§ **Exercise objective**:
Only the lines below from the one containing "Use this relief" through the one containing "2024秋上册四年级数学人教版 第一单元 大数的认识——11. 亿以上数的写法和改写" belong in the answer, repeated exactly and without pictures.

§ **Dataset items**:
-*-*-

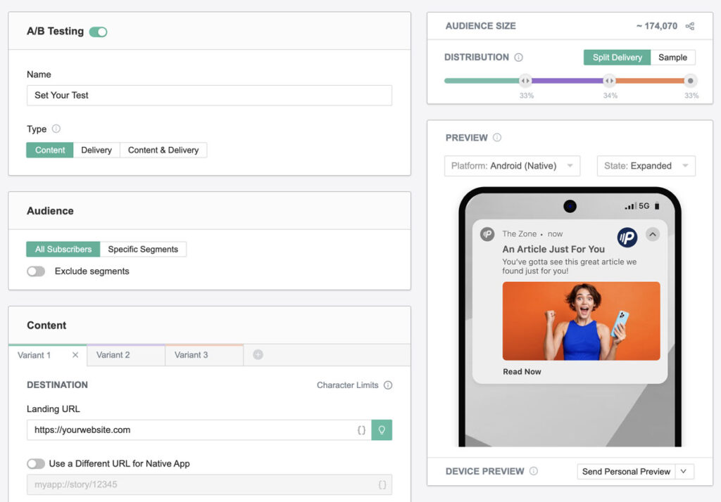 Las capacidades avanzadas de segmentación de audiencia de Pushly permiten a las empresas ir más allá de los métodos básicos de segmentación. Al entregar mensajes altamente personalizados adaptados a las acciones y preferencias del usuario, las organizaciones pueden asegurar que sus comunicaciones resuenen con las audiencias en los momentos más oportunos. La plataforma admite opciones de mensajería tanto manuales como automatizadas, ofreciendo a los equipos la flexibilidad de mantener el control mientras optimizan la eficiencia. Esta adaptabilidad mejora el compromiso a través de diversas campañas, convirtiéndola en una solución versátil para estrategias de marketing diversas.
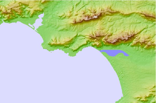 Use this relief map to navigate to tide stations, surf breaks and cities that are in the area of Hermanus.
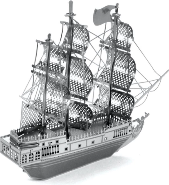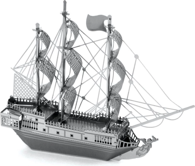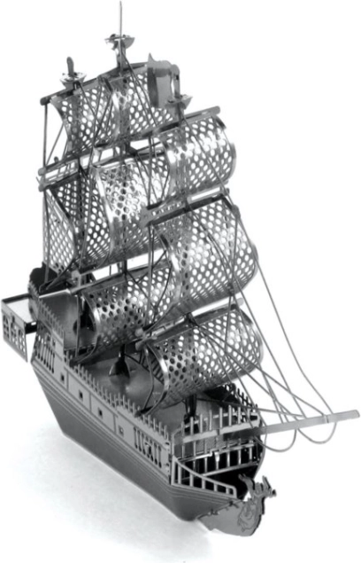 Elegancka metalowa replika legendarnego statku Black Pearl ucieszy miłośników modeli, filmowych ikon i oryginalnych dekoracji. Z 2 stalowych blaszek o wymiarach 11 × 11 cm złożysz szczegółowy statek z delikatną perforacją żagli i realistycznymi elementami kadłuba. Montaż wymaga cierpliwości, ale nagrodą jest stylowa dekoracja do mieszkania, biura czy pracowni.
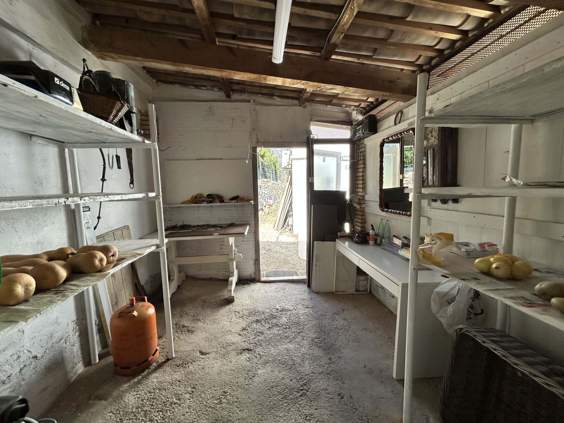 Además, el almacén reformado se ha convertido en dos casas adosadas de aproximadamente 60 m² cada una, cada una con su propia cocina-comedor y 2 habitaciones amplias, lo que las convierte en una excelente opción para recibir visitas o incluso generar ingresos extras.
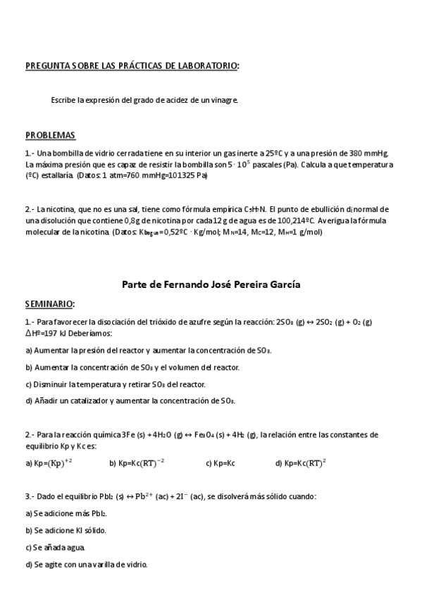 He publicado nuevos practicas de 1º Química: Prácticas Inorgánica Examen
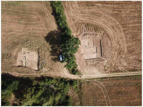 The IMPERO Project also investigates a medieval site. As one of the tasks of the research is to understand the changes that occurred between the classical and the modern world along the valley of the Ombrone river, it was necessary to excavate the remains of Castellaraccio di Monteverdi, a fortified hilltop settlement facing the river and a collapsed medieval bridge that crossed it [,,] (Figure 8).
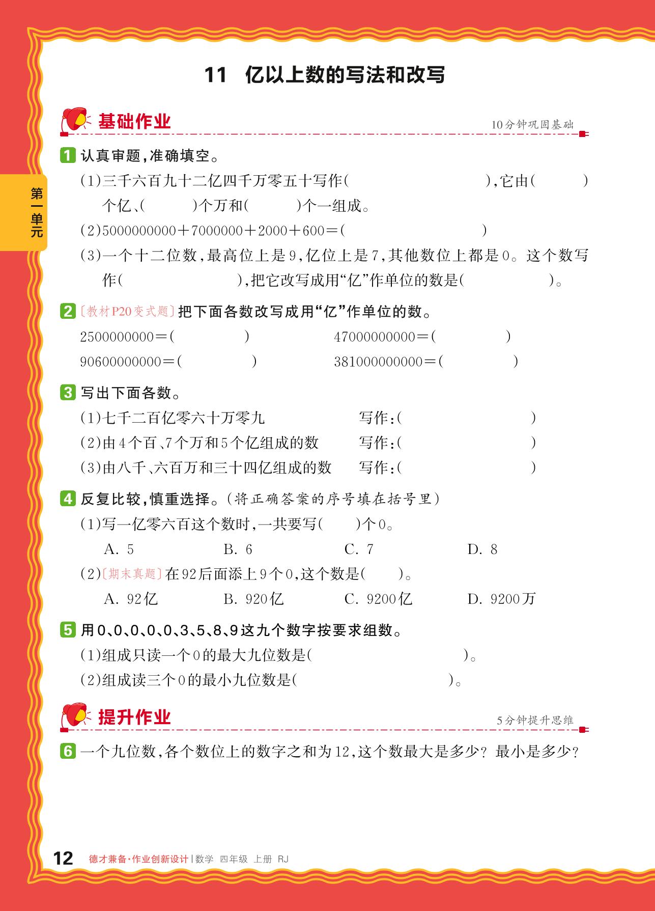2024秋上册四年级数学人教版 第一单元 大数的认识——11. 亿以上数的写法和改写
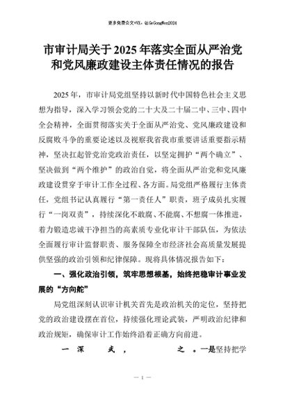 【七哥公文】2025年:市审计局关于2025年落实全面从严治党和党风廉政建设主体责任情况的报告+更多免费公文+VX:QiGeGongWen2024
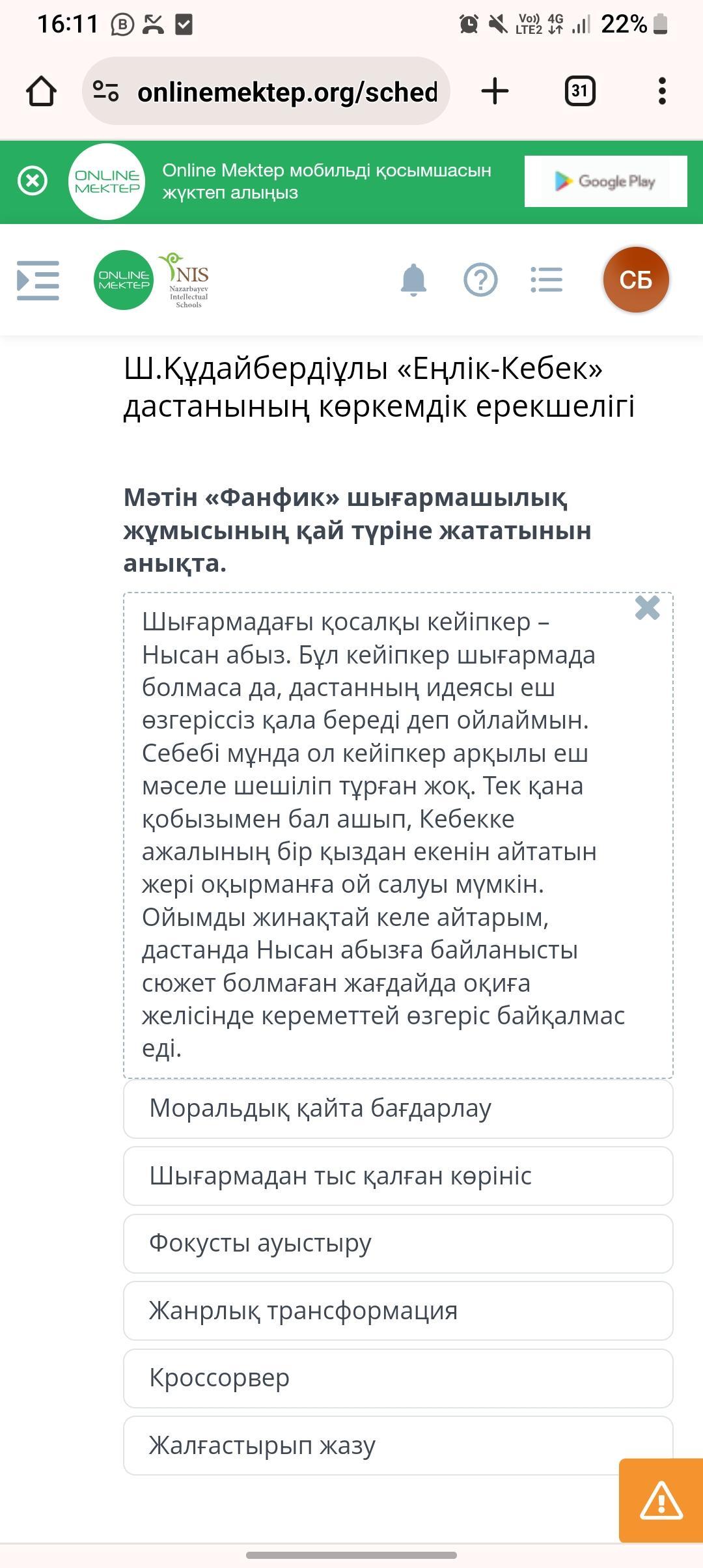 Ш. Құдайбердіұлы Еңлік-Кебек дастанының көркемдік ерекшелігі

-*-*-

§ **Solution to this exercise**:
 Use this relief map to navigate to tide stations, surf breaks and cities that are in the area of Hermanus.
 Elegancka metalowa replika legendarnego statku Black Pearl ucieszy miłośników modeli, filmowych ikon i oryginalnych dekoracji. Z 2 stalowych blaszek o wymiarach 11 × 11 cm złożysz szczegółowy statek z delikatną perforacją żagli i realistycznymi elementami kadłuba. Montaż wymaga cierpliwości, ale nagrodą jest stylowa dekoracja do mieszkania, biura czy pracowni.
 Además, el almacén reformado se ha convertido en dos casas adosadas de aproximadamente 60 m² cada una, cada una con su propia cocina-comedor y 2 habitaciones amplias, lo que las convierte en una excelente opción para recibir visitas o incluso generar ingresos extras.
 He publicado nuevos practicas de 1º Química: Prácticas Inorgánica Examen
 The IMPERO Project also investigates a medieval site. As one of the tasks of the research is to understand the changes that occurred between the classical and the modern world along the valley of the Ombrone river, it was necessary to excavate the remains of Castellaraccio di Monteverdi, a fortified hilltop settlement facing the river and a collapsed medieval bridge that crossed it [,,] (Figure 8).
2024秋上册四年级数学人教版 第一单元 大数的认识——11. 亿以上数的写法和改写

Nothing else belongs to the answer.